Yes you can but the gain control sweep will be different, as you get more distortion earlier in the turn. But overall gain amount will be the same.


----------



## RealLyfeGangsta (Apr 1, 2022)

jesuscrisp said:


> Yes you can but the gain control sweep will be different, as you get more distortion earlier in the turn. But overall gain amount will be the same.


Alright, thank you!


----------



## Bio77 (Apr 1, 2022)

The picture you made is your best bet.  Make the 500A out of the 500B.  I'd use the 100k resistor (1/5 the value). I'm not sure you have the resistor between the right pot legs, you should double check.  Seems like you've read this but just in case here is a link for the  pot conversion:



			The Secret Life of Pots


----------



## RealLyfeGangsta (Apr 1, 2022)

Bio77 said:


> The picture you made is your best bet.  Make the 500A out of the 500B.  I'd use the 100k resistor (1/5 the value). I'm not sure you have the resistor between the right pot legs, you should double check.  Seems like you've read this but just in case here is a link for the  pot conversion:
> 
> 
> 
> The Secret Life of Pots


I haven't read it and thanks a lot for the info and the input!


----------



## Bio77 (Apr 1, 2022)

RealLyfeGangsta said:


> I haven't read it and thanks a lot for the info and the input!

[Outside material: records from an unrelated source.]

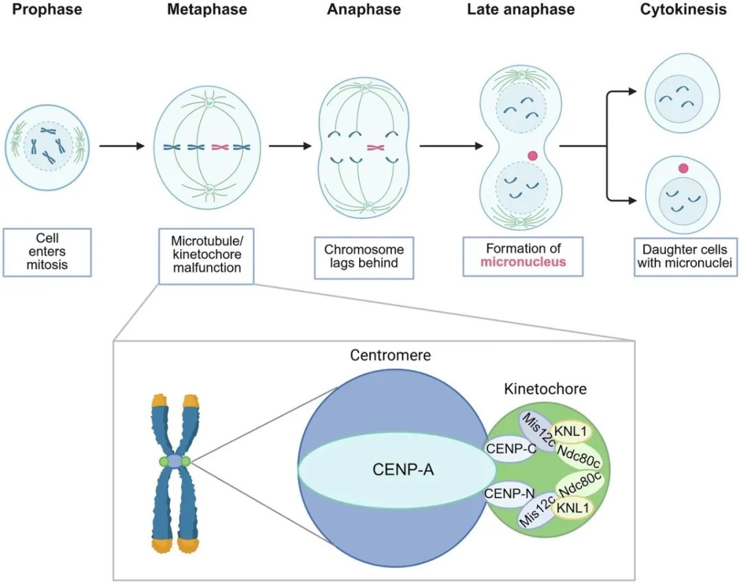 微核是细胞质中由核膜包裹着滞后染色体或染色体片段的小型核结构。传统观点认为,辐射、基因毒性药物等因素造成的DNA损伤或细胞分裂缺陷是导致微核形成的主要原因,其存在标志着细胞存在染色体不稳定性(CIN),而CIN是肿瘤细胞的普遍特征。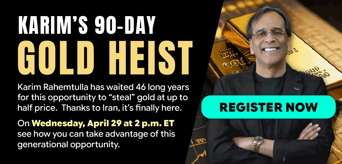 A Note From Publisher Stephen Prior: Iran is panic-buying gold at any price and driving miners to record highs. Karim Rahemtulla has spent 46 years waiting for a setup like this one. On April 29 at 2 p.m. ET, he goes live to show you how to own the world's best gold assets at 30% to 50% less than what others are paying right now. Registration is free, but seats are limited.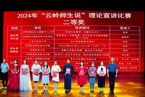 “云岭师生说”理论宣讲比赛由云南省委教育工委、云南省教育厅主办,是云南省教育系统思政教育品牌活动之一,是推进大中小学思想政治教育一体化建设的重要举措。本次比赛以“沿着习近平总书记指引的方向阔步前进 奋力谱写中国式现代化云南篇章”为主题,比赛作品分语言类、文艺类两种形式。活动自4月份开展以来,全省各地各校广泛发动师生员工参与,开展了形式多样的比赛,掀起了学理论、讲理论、用理论的热潮,共计报送宣讲作品385个,最终,来自全省各级各类学校的31组选手入围决赛。决赛现场,选手们紧扣主题,通过深刻的理论阐释、生动的语言表达、丰富的形式载体,从不同角度宣讲习近平新时代中国特色社会主义思想,充分展现了云岭师生昂扬向上的精神风貌。经过激烈角逐,比赛决出语言类教师组一等奖2名、二等奖3名、三等奖5名,语言类学生组一等奖2名、二等奖3名、三等奖6名,文艺类一等奖2名、二等奖3名、三等奖5名。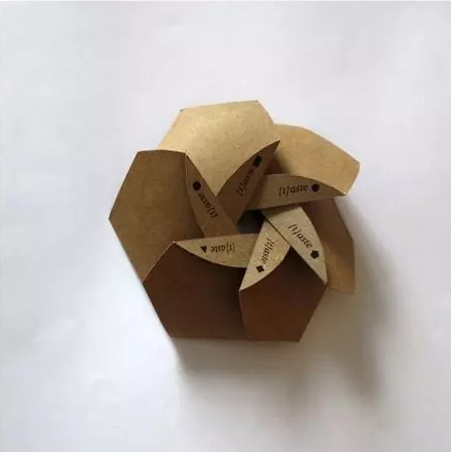這樣的紙盒包裝對(duì)于吃貨來說簡直是個(gè)福利,對(duì)愛吃的人來說,一次性能吃到多種食物是一件多么幸福的事啊。這紙盒包裝在掰開后有三個(gè)獨(dú)立的小三角,這三個(gè)小三角里可以放不同的食物,簡直不要太方面??!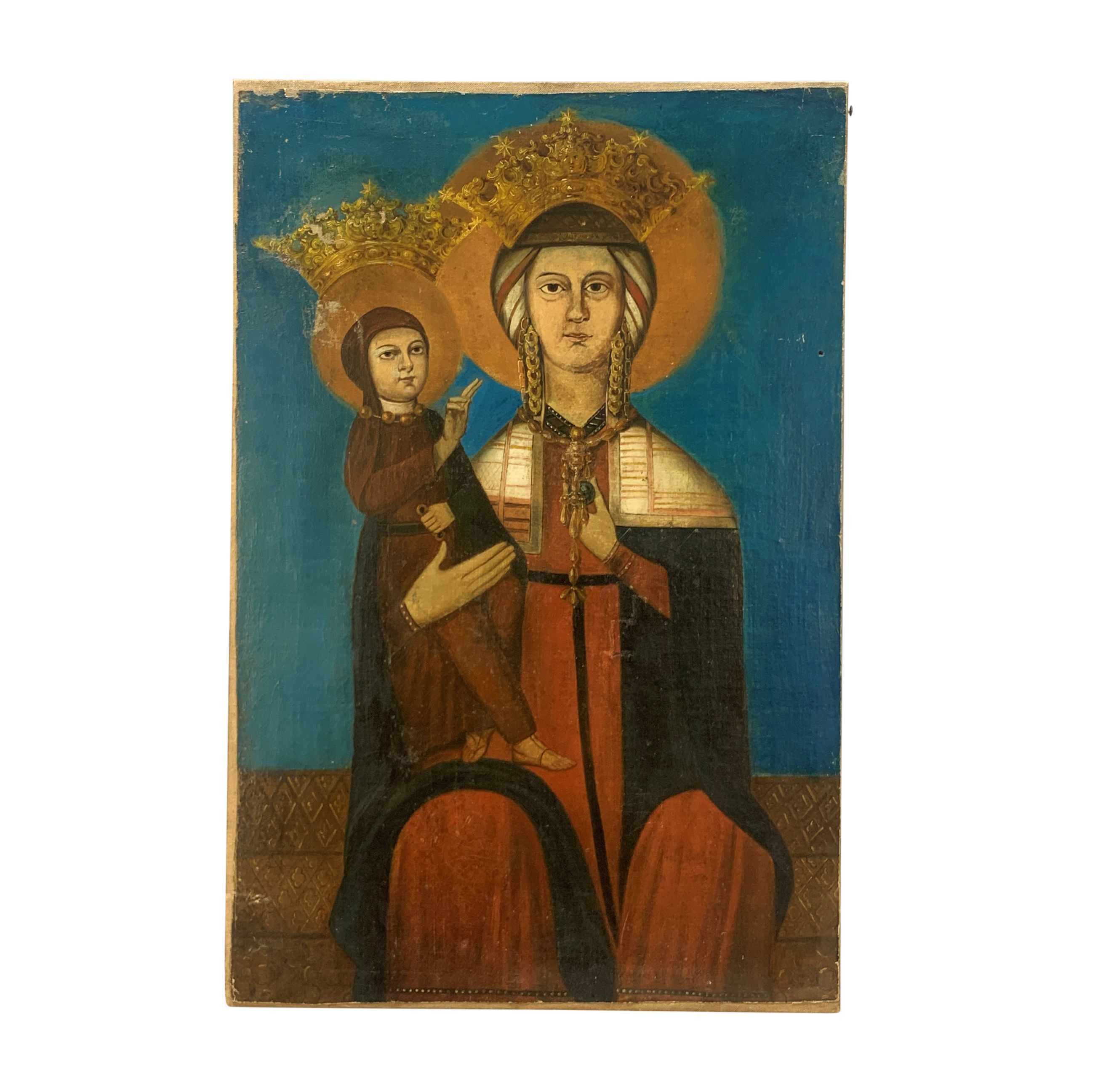 A XVII CENTURY WALLACHIAN OIL ON CANVAS OF THE VIRGIN & CHILD

Oh cool, this article was a game changer for me.  You can make a C or A taper pot out of any B most of the time, depending on the circuit.  Also, its pretty easy to add a resistor between the legs of a pot without tearing the pedal apart, if you ever need to adjust the taper in a finished build.


----------



## cdwillis (Apr 2, 2022)

This is just my two cents. RG Keen is an electronics genius, but I would order the a500k pot along with more parts for more builds so it's worth the shipping. That's assuming you're going to build some more pedals.


----------



## giovanni (Apr 2, 2022)

cdwillis said:


> This is just my two cents. RG Keen is an electronics genius, but I would order the a500k pot along with more parts for more builds so it's worth the shipping. That's assuming you're going to build some more pedals.


+1 to that. If I’m missing a part it’s just an excuse to make a new order for MOAR pedal builds!


----------



## zgrav (Apr 2, 2022)

In the meantime, use the B500K pot.  As noted you get the full range of sound intended with the pedal, just a different amount of change at different parts of the rotation.  Experiment with adding another resistor between the legs of the pot if you want to try different options.


----------